● Task goal
Transcribe only the lines in the data below falling between the line with "Especificações: Cachos: Ondas" and the line with "Remember to apply", including those two lines, and leave out any picture.

● Data listing
.....

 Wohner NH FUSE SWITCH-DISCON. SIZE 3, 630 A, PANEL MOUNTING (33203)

.....

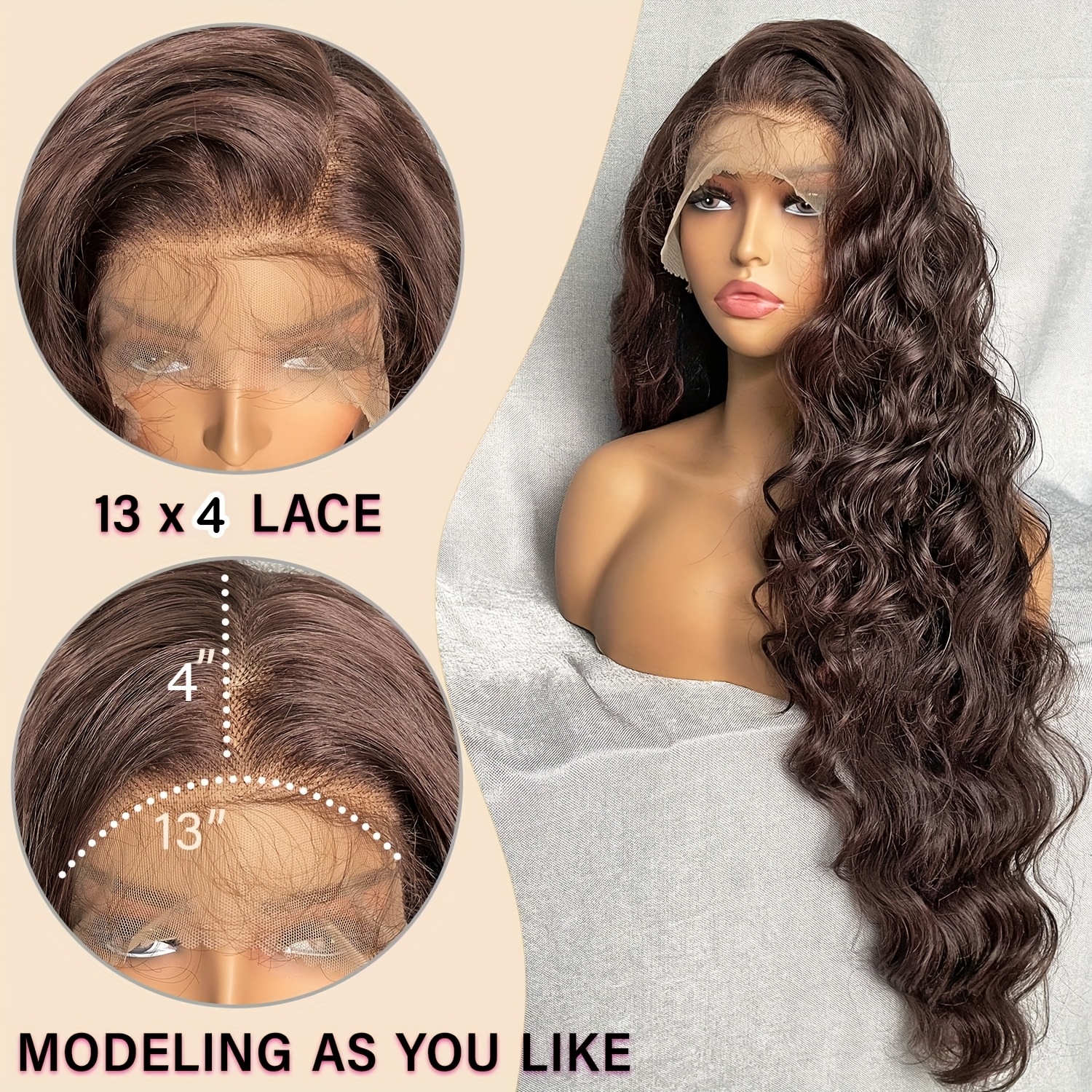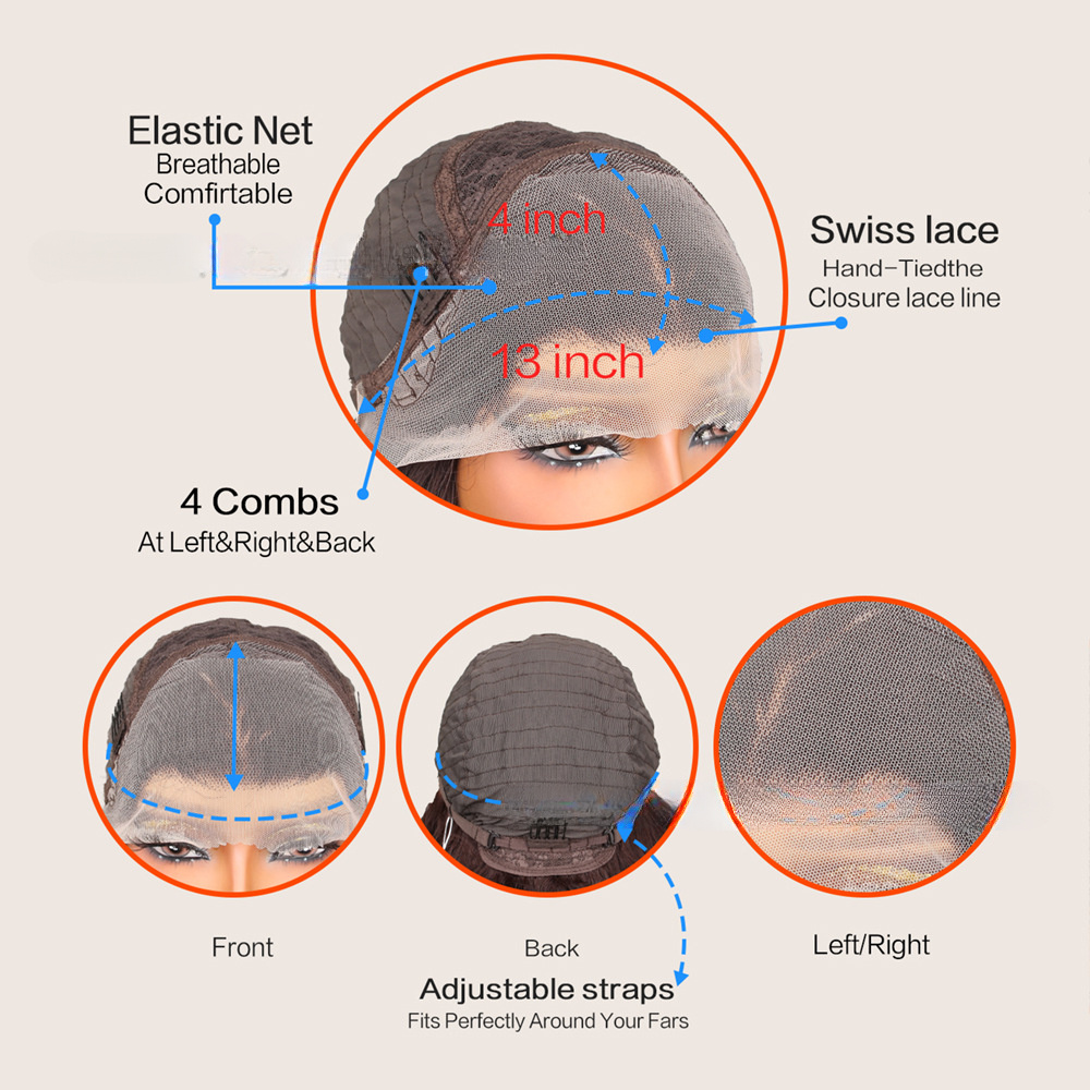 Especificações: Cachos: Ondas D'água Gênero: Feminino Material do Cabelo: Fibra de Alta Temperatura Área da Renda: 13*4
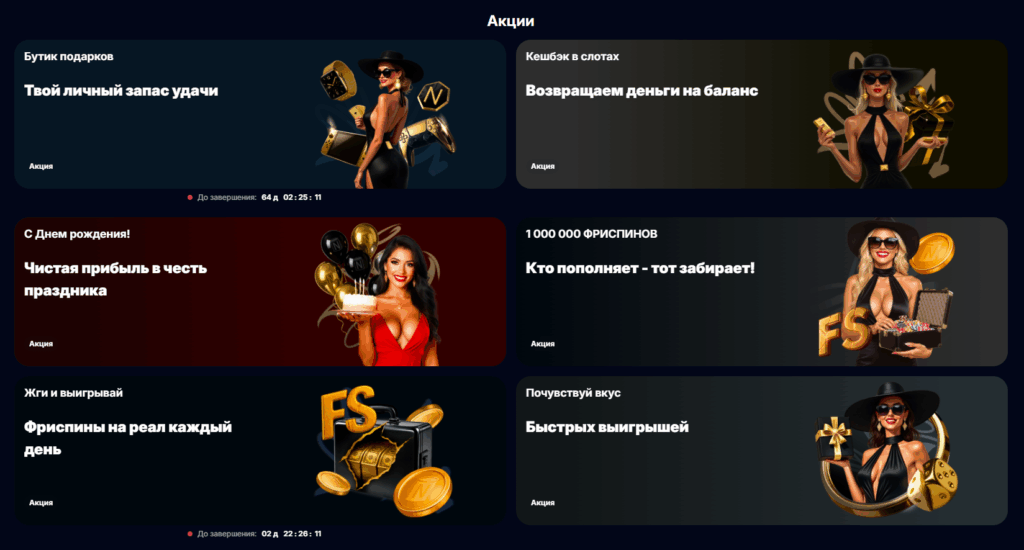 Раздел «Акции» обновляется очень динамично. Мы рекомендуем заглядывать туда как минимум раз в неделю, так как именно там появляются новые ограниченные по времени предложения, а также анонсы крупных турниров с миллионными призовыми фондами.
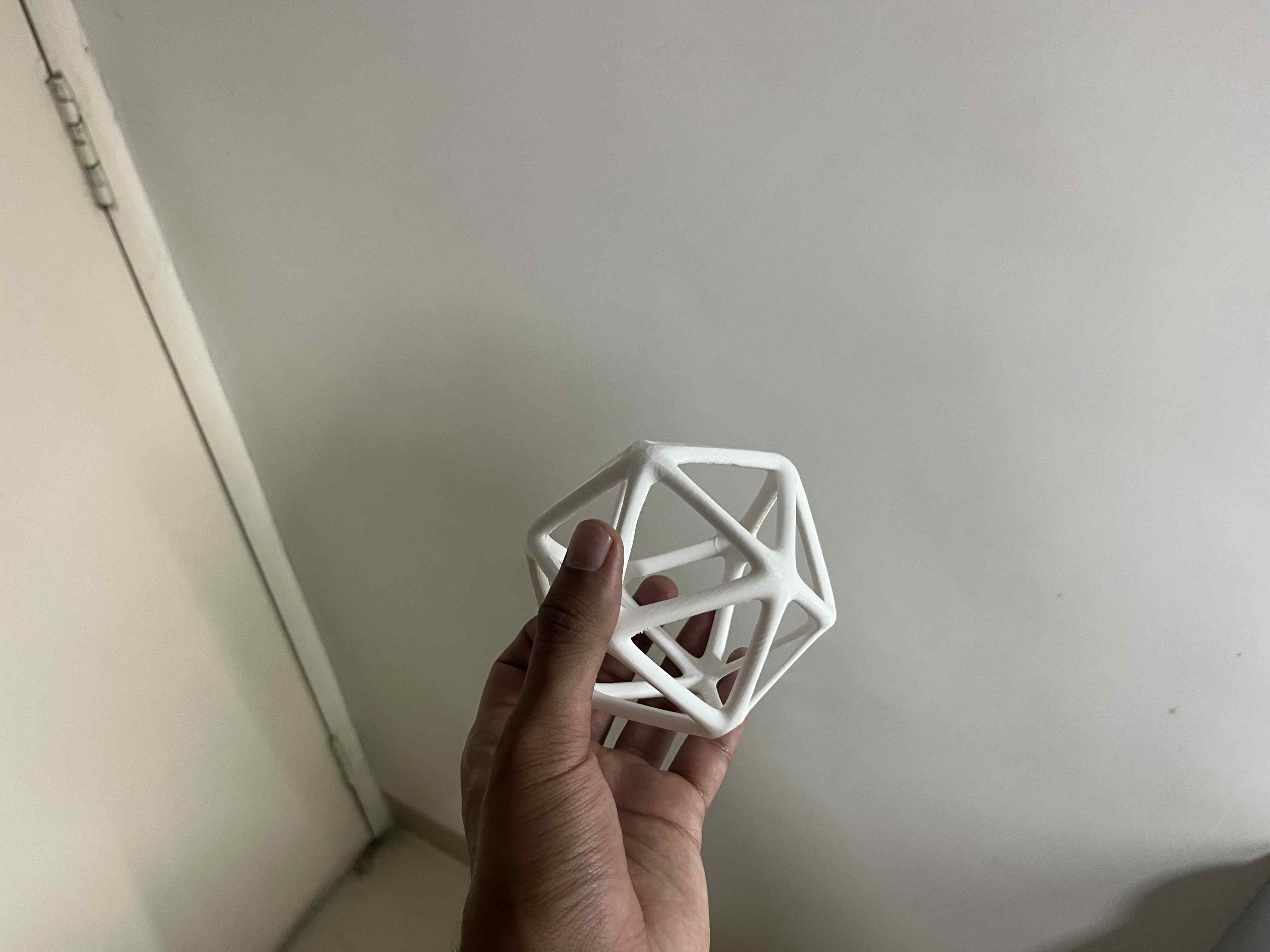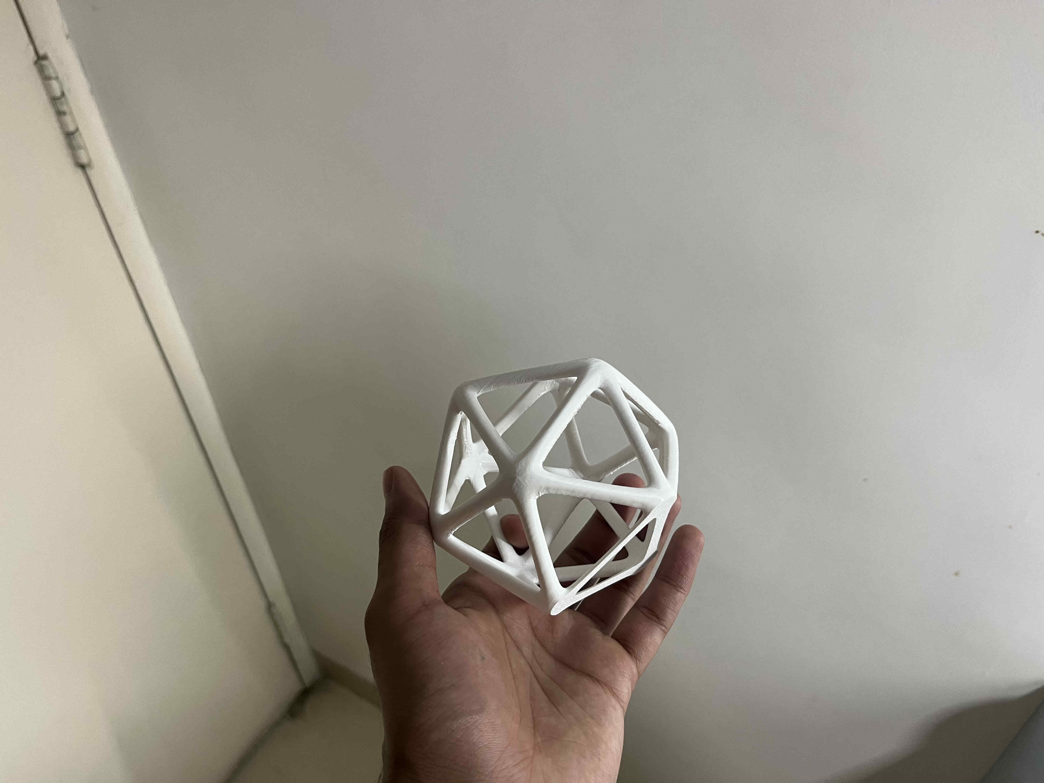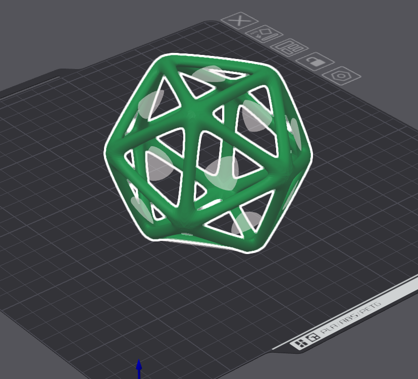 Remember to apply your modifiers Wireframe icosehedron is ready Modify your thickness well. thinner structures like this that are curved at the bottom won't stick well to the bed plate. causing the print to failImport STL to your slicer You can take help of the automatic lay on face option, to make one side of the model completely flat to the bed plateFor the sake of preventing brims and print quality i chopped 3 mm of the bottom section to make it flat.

.....

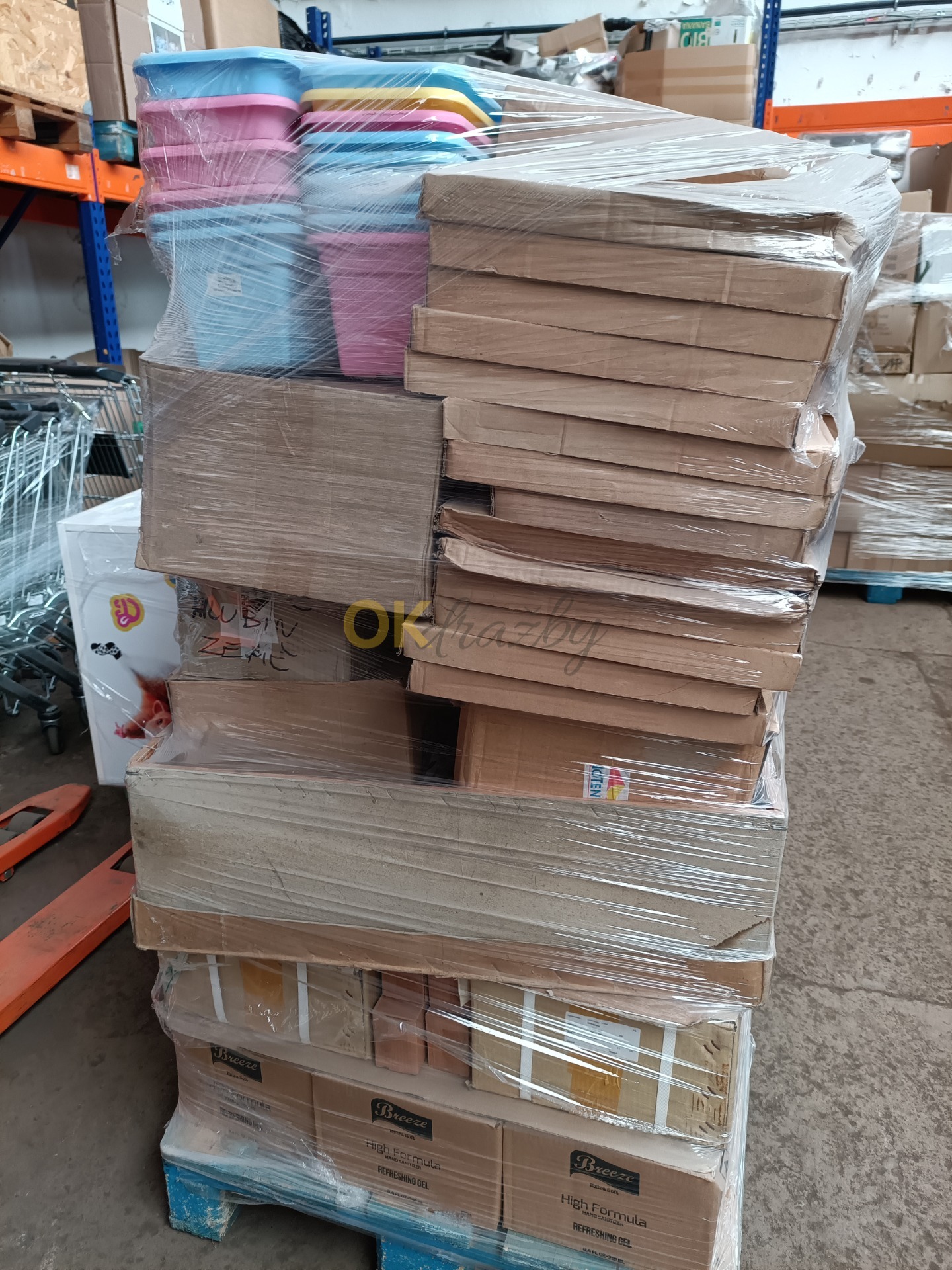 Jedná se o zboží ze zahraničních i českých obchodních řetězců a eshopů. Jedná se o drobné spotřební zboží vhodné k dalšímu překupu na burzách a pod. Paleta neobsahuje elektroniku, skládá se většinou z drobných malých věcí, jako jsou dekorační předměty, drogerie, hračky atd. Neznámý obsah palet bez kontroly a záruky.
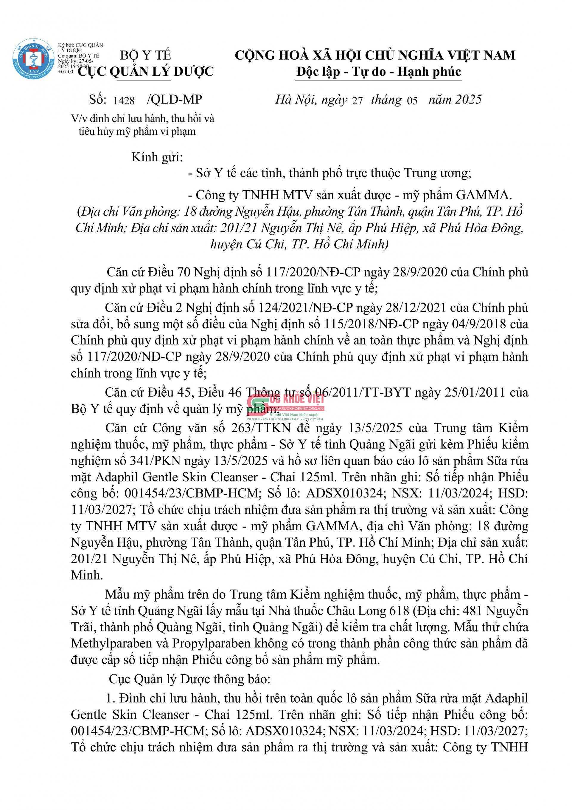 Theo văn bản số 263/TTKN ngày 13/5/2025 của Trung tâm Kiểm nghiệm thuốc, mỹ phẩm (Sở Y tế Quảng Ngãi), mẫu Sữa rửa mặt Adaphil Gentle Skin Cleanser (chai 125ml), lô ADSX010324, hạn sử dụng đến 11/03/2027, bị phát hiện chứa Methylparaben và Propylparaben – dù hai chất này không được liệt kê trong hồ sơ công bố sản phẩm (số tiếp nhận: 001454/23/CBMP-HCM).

.....

● Output for this exercise
 Especificações: Cachos: Ondas D'água Gênero: Feminino Material do Cabelo: Fibra de Alta Temperatura Área da Renda: 13*4
 Раздел «Акции» обновляется очень динамично. Мы рекомендуем заглядывать туда как минимум раз в неделю, так как именно там появляются новые ограниченные по времени предложения, а также анонсы крупных турниров с миллионными призовыми фондами.
 Remember to apply your modifiers Wireframe icosehedron is ready Modify your thickness well. thinner structures like this that are curved at the bottom won't stick well to the bed plate. causing the print to failImport STL to your slicer You can take help of the automatic lay on face option, to make one side of the model completely flat to the bed plateFor the sake of preventing brims and print quality i chopped 3 mm of the bottom section to make it flat.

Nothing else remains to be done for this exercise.